▶ _PROBLEM TO SOLVE_
Copy the lines below, please, starting with the one that contains "Продаётся 1-комнатная квартира" and ending with the last. Pictures stay out.

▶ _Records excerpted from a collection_
--

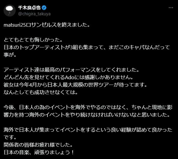 歌い手・Ado(22)、女優・平手友梨奈(23)らが所属する芸能事務所「クラウドナイン」の代表取締役社長・千木良卓也氏が19日までに自身のX(旧ツイッター)を更新。16日(現地時間17日)米ロサンゼルスで行われた音楽イベント「matsuri ‘25: Japanese Music Experience LOS ANGELES」についての“本音”を吐露した。
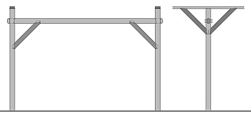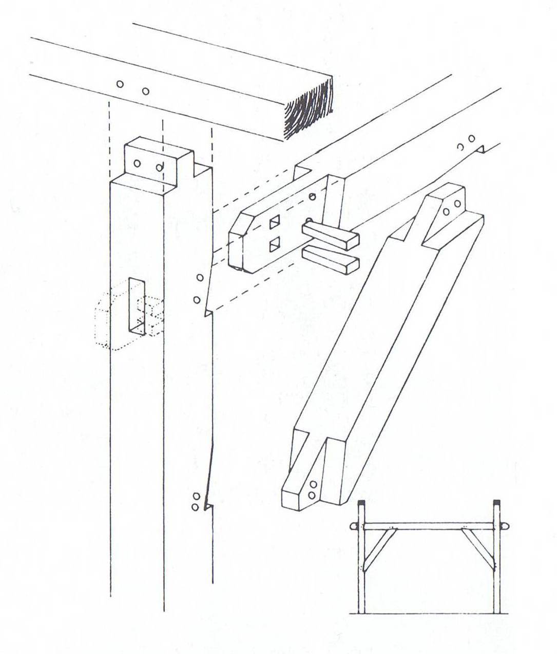 ankerbalkgebinten bovenaan verbindt met pen-en-gat) wordt meestal per stijl gesteund door
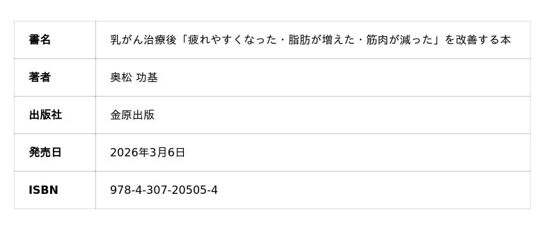 乳がん治療後の体の変化を、運動と食事の両面から支える実践書本書は、乳がん治療後に多くの方が感じる「疲れやすくなった」「脂肪が増えた」「筋肉が減った」といった悩みに対し、スポーツ医学の知見と現場での実践をもとに、運動と食事の工夫をわかりやすく解説した一冊です。治療後の体づくりに悩むご本人はもちろん、ご家族や医療従事者にも役立つ内容です。
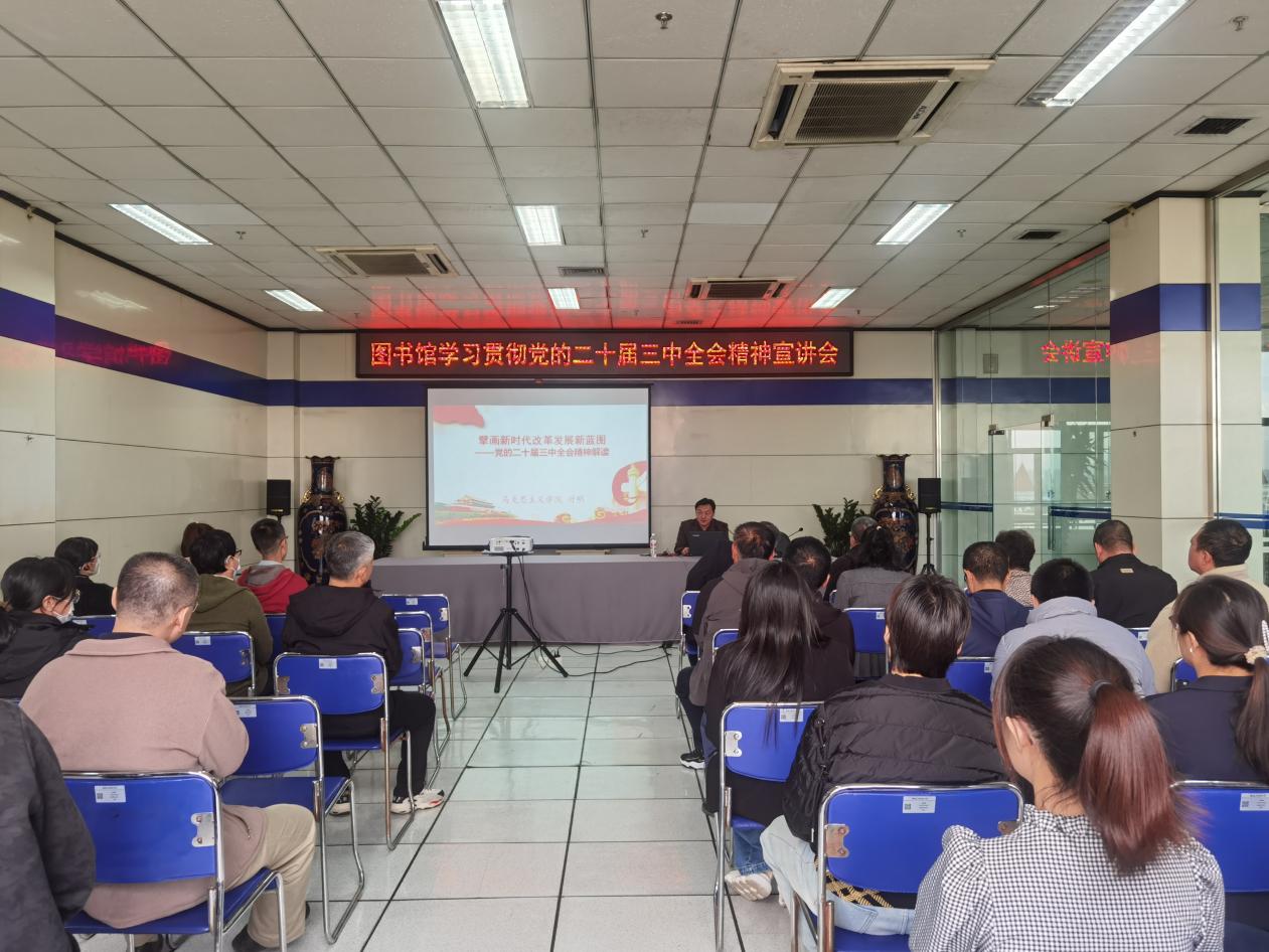 10月16日下午,图书馆召开学习贯彻党的二十届三中全会精神宣讲会。此次宣讲会邀请了学校宣讲团成员、马克思主义学院副院长付明作宣讲报告。会议由图书馆党总支书记郭明良主持,图书馆全体职工参加了会议。付明从党的二十届三中全会召开背景及重大意义、深刻把握党的二十届三中全会的重点内容、坚持“六大原则”牢牢把握改革正确方向三个方面对党的二十届三中全会精神进行了系统的解读。
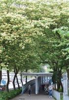除了太子和九龍城,另一熱門賞花 地是旺角至大角咀的行人天橋。這裏種 植了多棵樹木參天的魚木樹 , 相互交 織,好似一幅白色、黃色巨型的簷蓬, 將天橋重重包圍。置身連接大角咀櫻桃 街至旺角亞皆老街的行人天橋上,如進 入時光隧道,拍出被花海重重包圍的美 景之餘,還充滿宮崎駿電影《借東西的 小矮人亞莉亞蒂》的夢幻感覺!
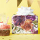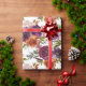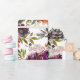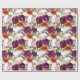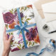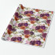 Watercolor floral pattern wrapping paper in accents of burgundy plum and ginger.
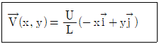 2차원 직각좌표계(x, y)에서 속도장이 다음과 같은 유동이 있다. 유동장 내의 점 (L, L)에서 유속의 크기는? (단,
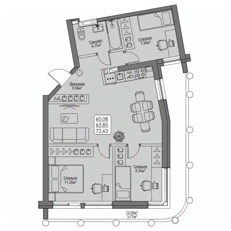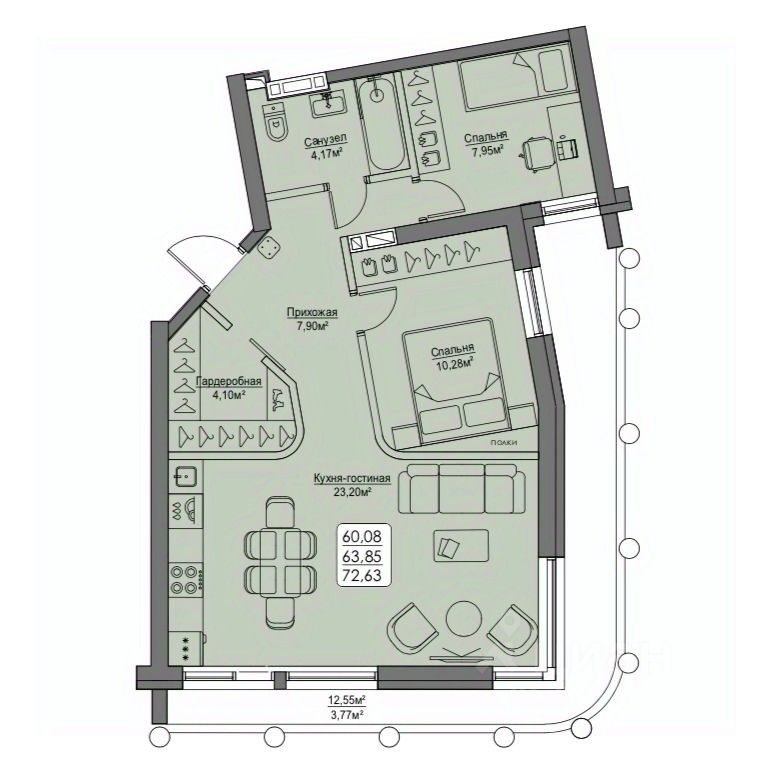 Продаётся 1-комнатная квартира в сданном доме (Мыс Кунгасный, 3Б), срок сдачи: IV-кв. 2024, общей площадью 63.85 кв.м., на 4 этаже. Новый жилой дом от застройщика ''Элемент-С'' расположен по адресу город Владивосток, улица Мыс Кунгасный.
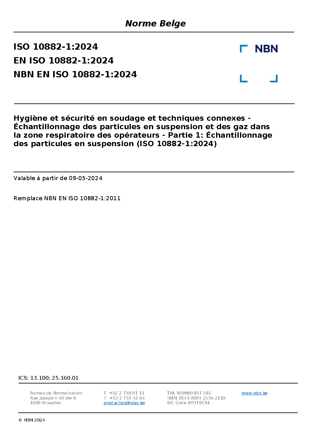 Health and safety in welding and allied processes - Sampling of airborne particles and gases in the operator's breathing zone - Part 1: Sampling of airborne particles (ISO 10882-1:2024)

--

▶ _RESPONSE_
 Продаётся 1-комнатная квартира в сданном доме (Мыс Кунгасный, 3Б), срок сдачи: IV-кв. 2024, общей площадью 63.85 кв.м., на 4 этаже. Новый жилой дом от застройщика ''Элемент-С'' расположен по адресу город Владивосток, улица Мыс Кунгасный.
 Health and safety in welding and allied processes - Sampling of airborne particles and gases in the operator's breathing zone - Part 1: Sampling of airborne particles (ISO 10882-1:2024)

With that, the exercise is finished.